WORK REQUIRED:
Drop all images. Then write out each line below exactly as given.

DATASET CONTENT below:

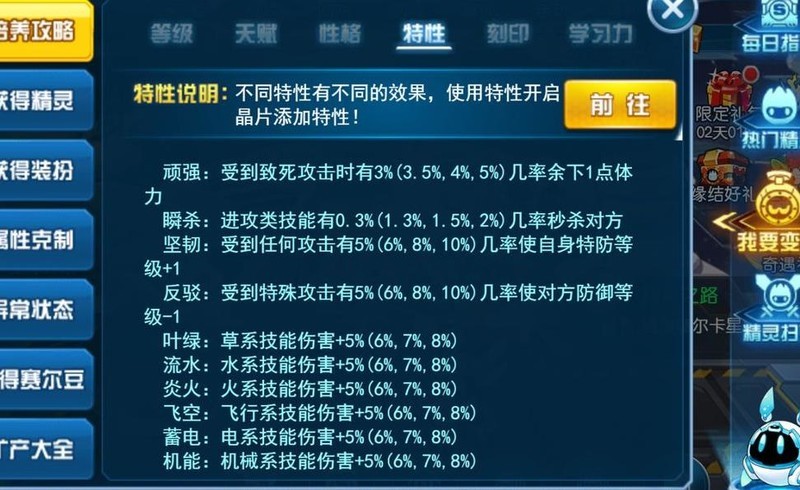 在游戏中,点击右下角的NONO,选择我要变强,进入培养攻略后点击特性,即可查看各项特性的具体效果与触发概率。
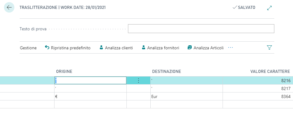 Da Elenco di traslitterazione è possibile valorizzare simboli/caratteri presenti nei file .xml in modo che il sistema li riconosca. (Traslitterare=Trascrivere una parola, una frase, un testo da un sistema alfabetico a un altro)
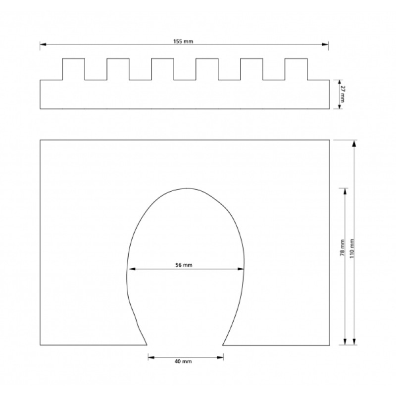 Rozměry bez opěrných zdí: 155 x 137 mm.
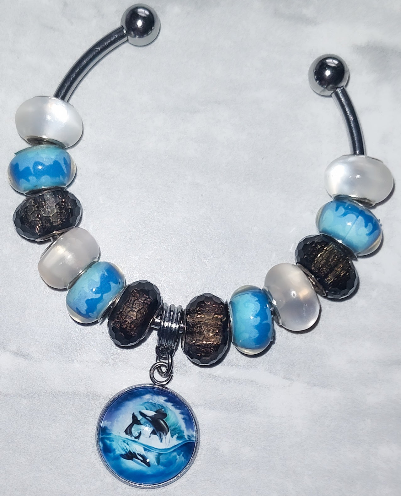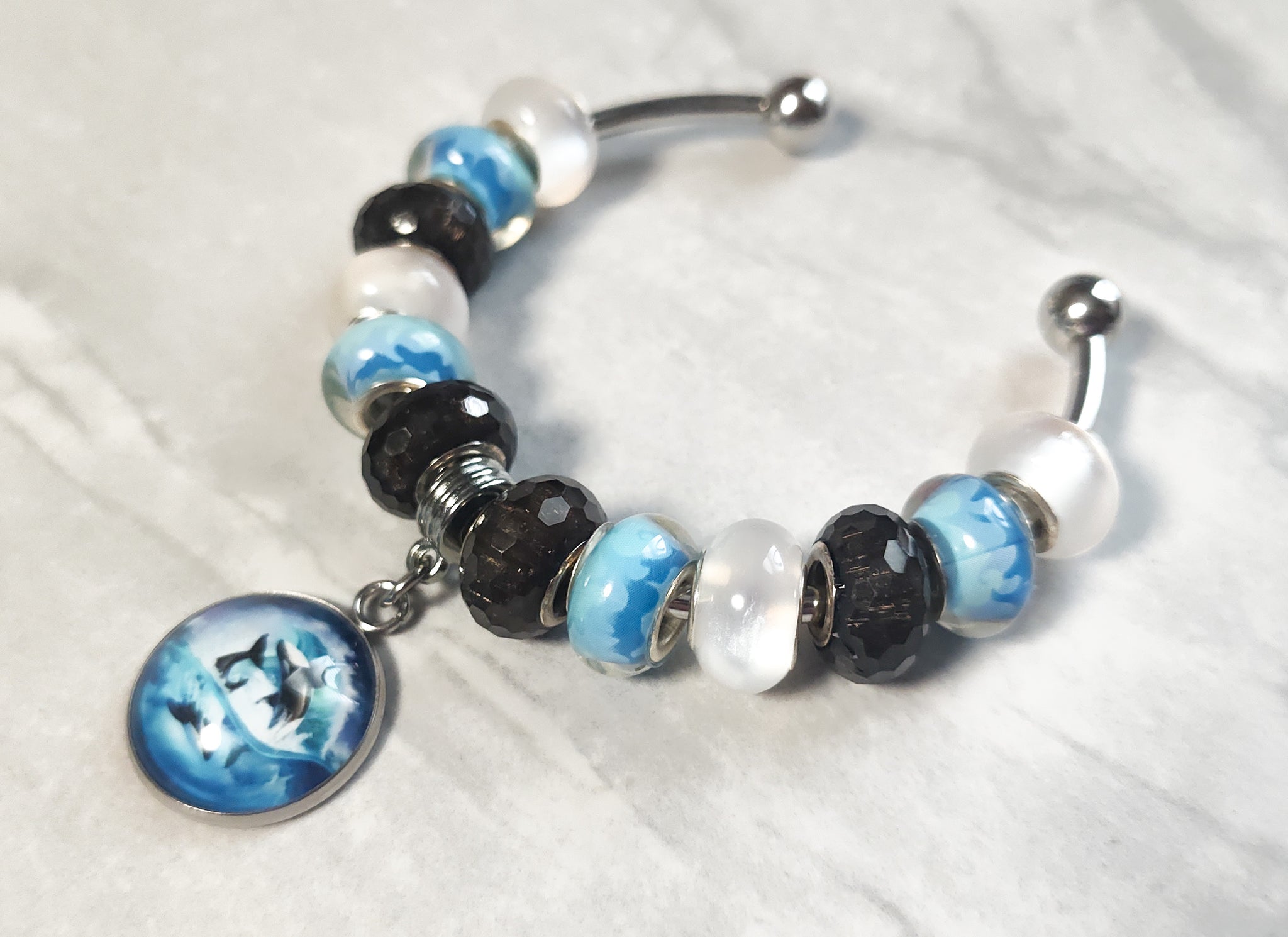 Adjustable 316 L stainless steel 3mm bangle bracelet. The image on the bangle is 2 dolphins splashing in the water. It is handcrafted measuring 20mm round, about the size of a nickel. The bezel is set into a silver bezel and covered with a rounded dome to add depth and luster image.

End of DATASET CONTENT.

EXERCISE OUTPUT:
 在游戏中,点击右下角的NONO,选择我要变强,进入培养攻略后点击特性,即可查看各项特性的具体效果与触发概率。
 Da Elenco di traslitterazione è possibile valorizzare simboli/caratteri presenti nei file .xml in modo che il sistema li riconosca. (Traslitterare=Trascrivere una parola, una frase, un testo da un sistema alfabetico a un altro)
 Rozměry bez opěrných zdí: 155 x 137 mm.
 Adjustable 316 L stainless steel 3mm bangle bracelet. The image on the bangle is 2 dolphins splashing in the water. It is handcrafted measuring 20mm round, about the size of a nickel. The bezel is set into a silver bezel and covered with a rounded dome to add depth and luster image.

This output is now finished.